50年前の幼友達が同じ長屋で暮らすことに。安穏とした余生を送ろうとしていたお麓(ろく)の閑居へ、能天気なお菅(すげ)、派手好きなお修(しゅう)が転がり込んできて、騒がしさも厄介も3倍に! 

潮出版社 1760円

江戸時代も令和の今も高齢者のさびしさは同じ

現代の日本女性の平均寿命は約87歳。江戸時代は50代ともいわれているが、実際には長生きする人も少なくなかったようだ。作家の滝沢馬琴は82歳、浮世絵師の葛飾北斎は90歳で亡くなった。いずれも江戸後期の化政文化の立役者だ。そんな彼らと同時代を生きる60代の女子3人が、この物語の主人公だ。

なぜおばあさんを主役に?

「連載時の担当編集者さんが、私の書くおじいさんキャラを気に入ってくださったので、『今度はおばあさんでいこうか』くらいの軽い気持ち」と言う西條奈加さん。実は、ご自身も今年還暦。「10年前からヒールのある靴をはけなくなって、老いを感じ始めています」と笑うが、現代の60代と江戸時代の60代は、やはり違うのだろうか?

「60代って、子どもが所帯をもったり、仕事を辞めたり、なかには連れ合いを亡くしたり、いろんな“喪失”がある年齢ですよね。それでもまだまだ元気だし、誰かの役に立ちたい気持ちもある。そこは現代の女性と変わらないと思います」

だからこそ、3人の60代女子はリアルだ。気難しくて愛想のないお麓、度を越した世話好きのお菅、派手で若づくりなお修。年齢を重ねても、悟るわけでも穏やかになるわけでもない3人は、我々の周囲にも確かにいる。彼女らが暮らす長屋は、今でいうシェアハウス。「こんなふうに、幼なじみと暮らすのも楽しそうだ」と思わせてくれる。
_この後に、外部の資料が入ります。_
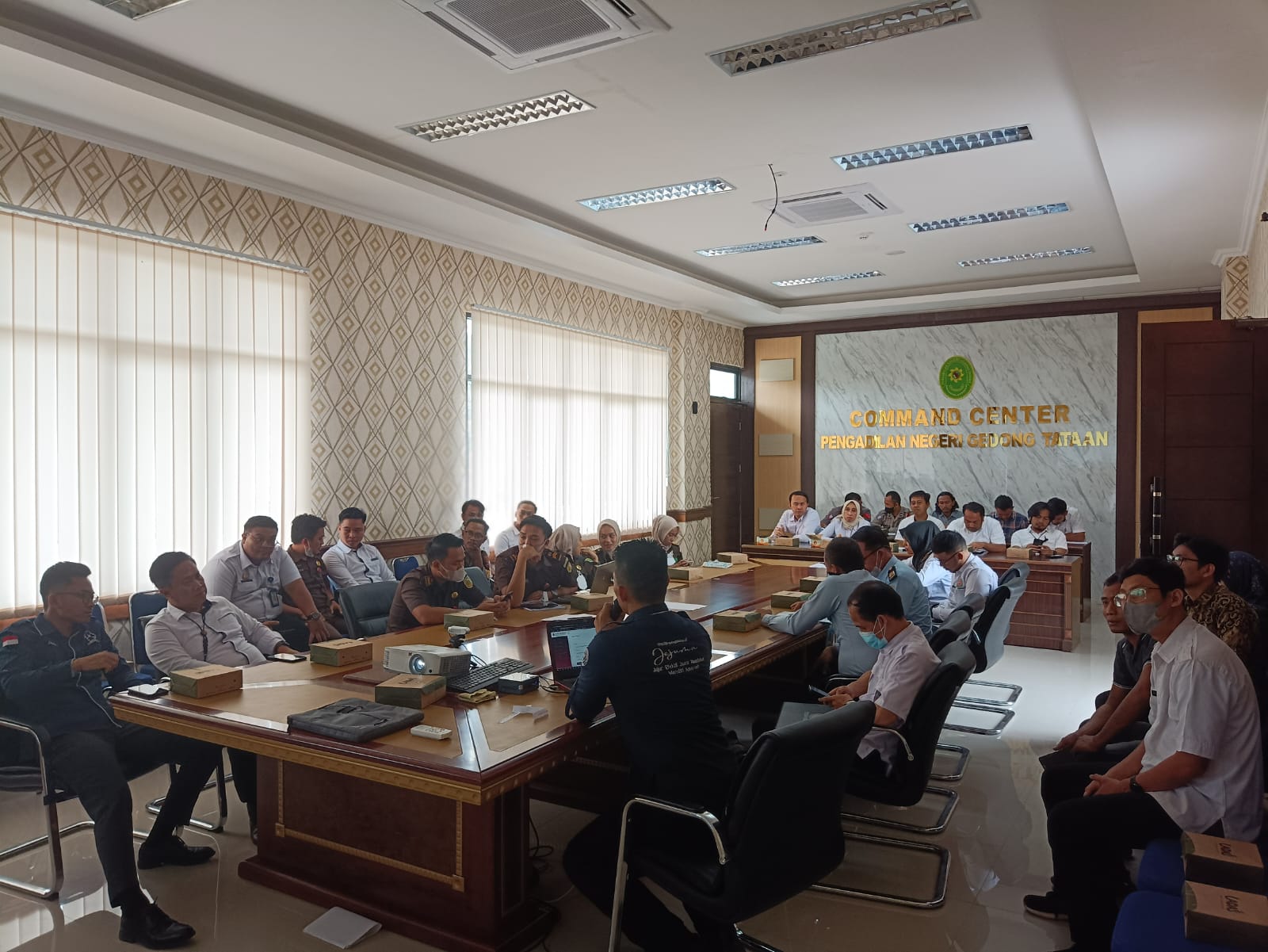 Setelah itu, diadakannya Training Penerapan Aplikasi E-Berpadu di Ruang Command Center Pengadilan Negeri Gedong Tataan oleh Panitera Muda Pidana Bapak Rahmat Yannuar, S.T., S.H.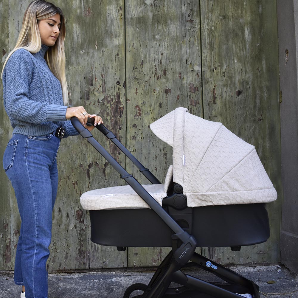 Mizu ha scelto di utilizzare le stoffe delle collezioni Bamboom nei suoi passeggini e sistemi trio più iconici creando così prodotti unici e ricercati.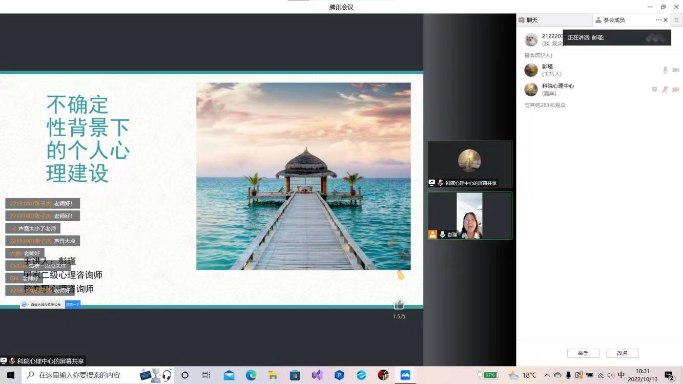 20221010日是第31个世界精神卫生日,主题是“营造良好环境 共助心理健康”。为提高大学生的心理健康意识,校心理健康教育与咨询中心于10131830在腾讯会议面向全体学生开展了专题讲座,总共有300名学生收看讲座并积极参与互动。
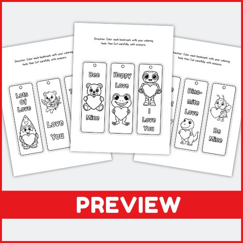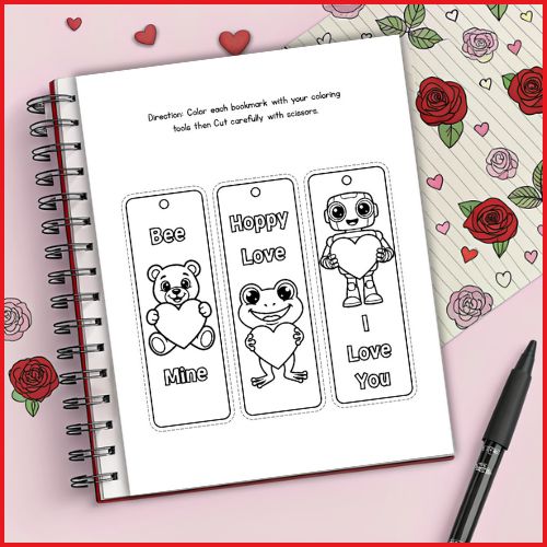 Kids can color, personalize, and cut out the Valentine-themed bookmarks to use in their favorite books or gift to friends and family, blending creativity with practical use.
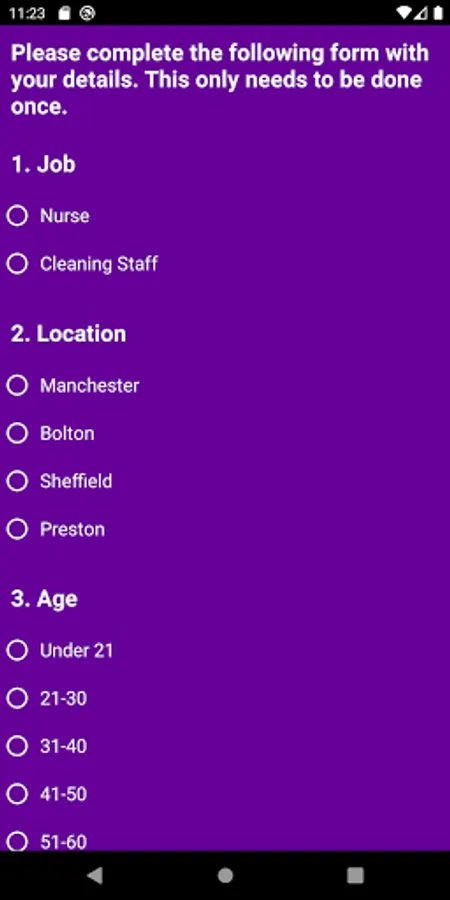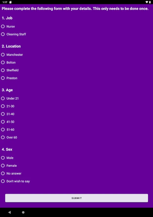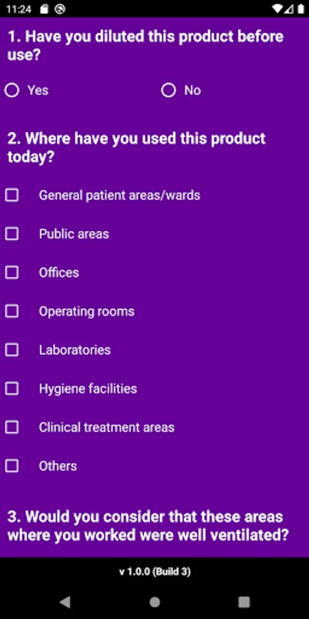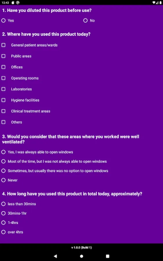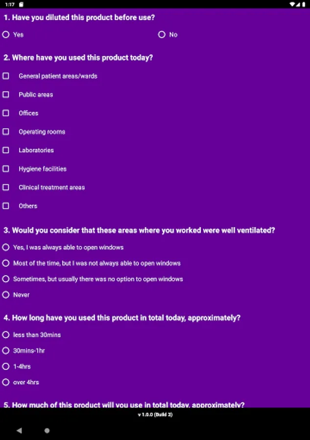 Users' basic demographic info (job / location / gender / age range) along with a product barcode (sourced via the barcode scanner in the app) is sent to a secure University hosted database; along with text/numeric answers chosen from specified options, to questions about the product's usage environment (where used / ventilated or not / dilution details / how much used / how long used).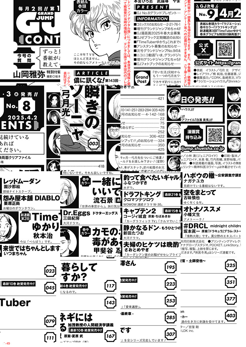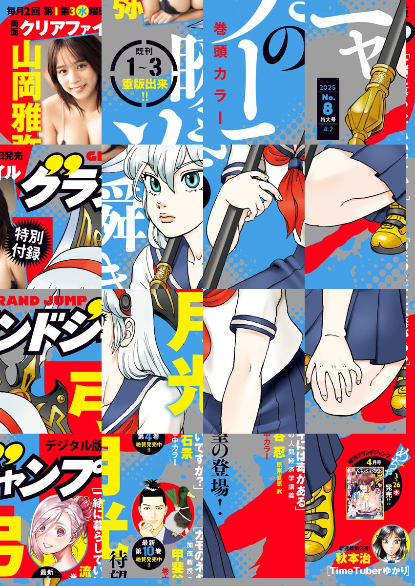 「グランドジャンプ 2025 No.8」、紙と同時に配信!/【表紙&巻頭カラー】『瞬きのソーニャ』(弓月光)/【巻中カラー】『一緒に暮らしていいですか?』(流石景)、『カモのネギには毒がある 加茂教授の人間経済学講義』(甲斐谷忍 原案・夏原武)/【特別付録】両面クリアファイル 山岡雅弥(デジタル版はグラビアとして巻末に収録)/ほか、16作品を掲載!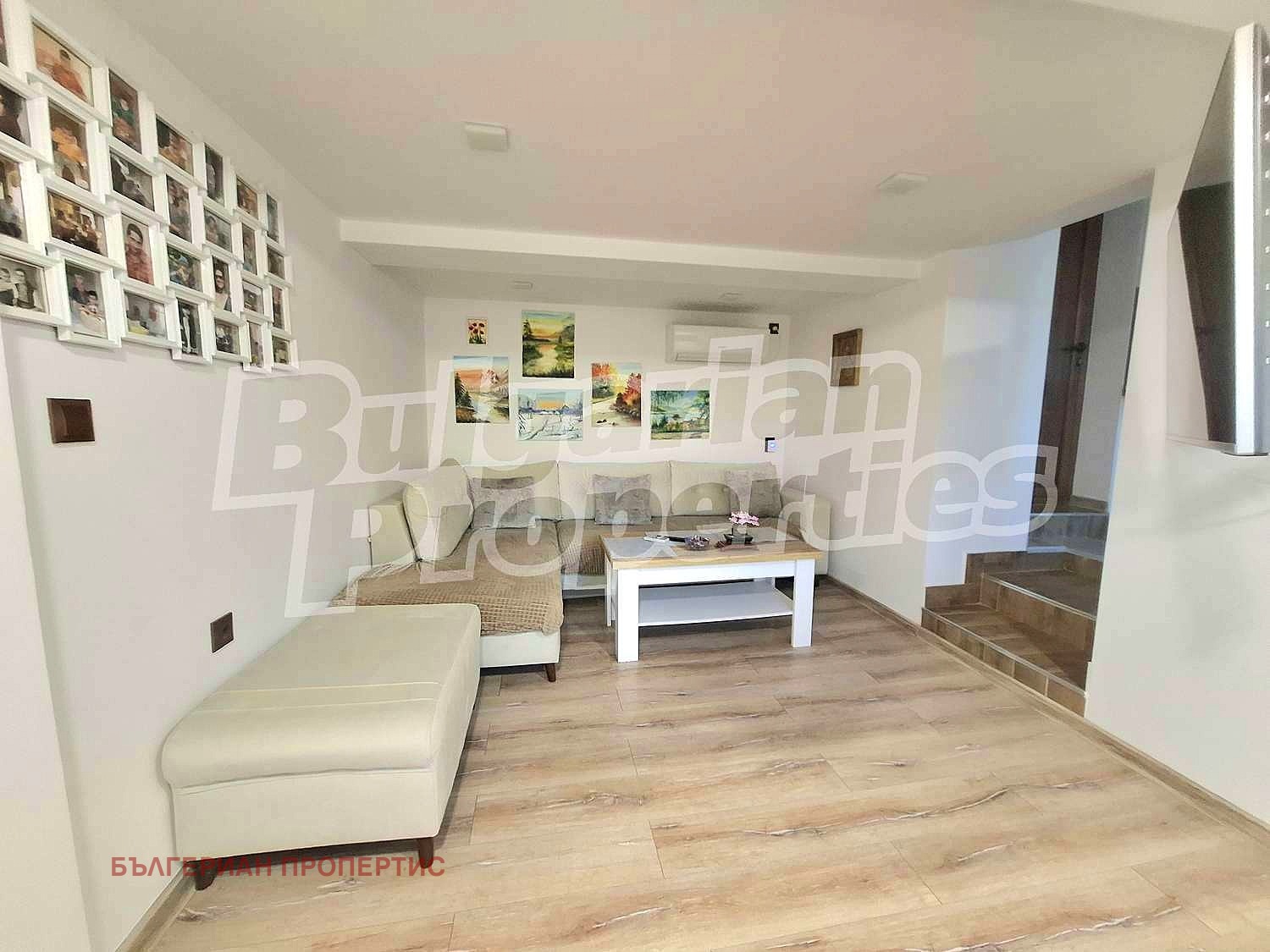 - Етаж първи - просторен хол, кухня, мокро помещение, баня с тоалетна и спалня.

そんな3人の日常に、突然現れた少女・お萩。口はきけないが、その姿には気品がある。この子はいったいどこの誰? そんなミステリー要素あり、痛快活劇要素あり、とめどないおしゃべり(漫才?)ありで、ページをめくる手が止まらない。直木賞を受賞した『心(うら)淋し川』は、長屋で暮らす人たちの哀しみと小さな幸せを描く切ない物語だったが、本作は痛快。

「私は会話部分を書くのが大好きです。女性が複数集まると、とにかくよくしゃべるじゃないですか。それなのにあとで『何話したっけ?』って、何も覚えていない(笑)。そんな空気を描くのが楽しいですね」

特にみんなで囲む朝食が明るく、楽しく、そしておいしそう。干し鱈と春菊のみそ汁、ふっくら炊き上がったご飯、ピリリと辛い蕪の葉の漬物……質素だが豊かな献立だ。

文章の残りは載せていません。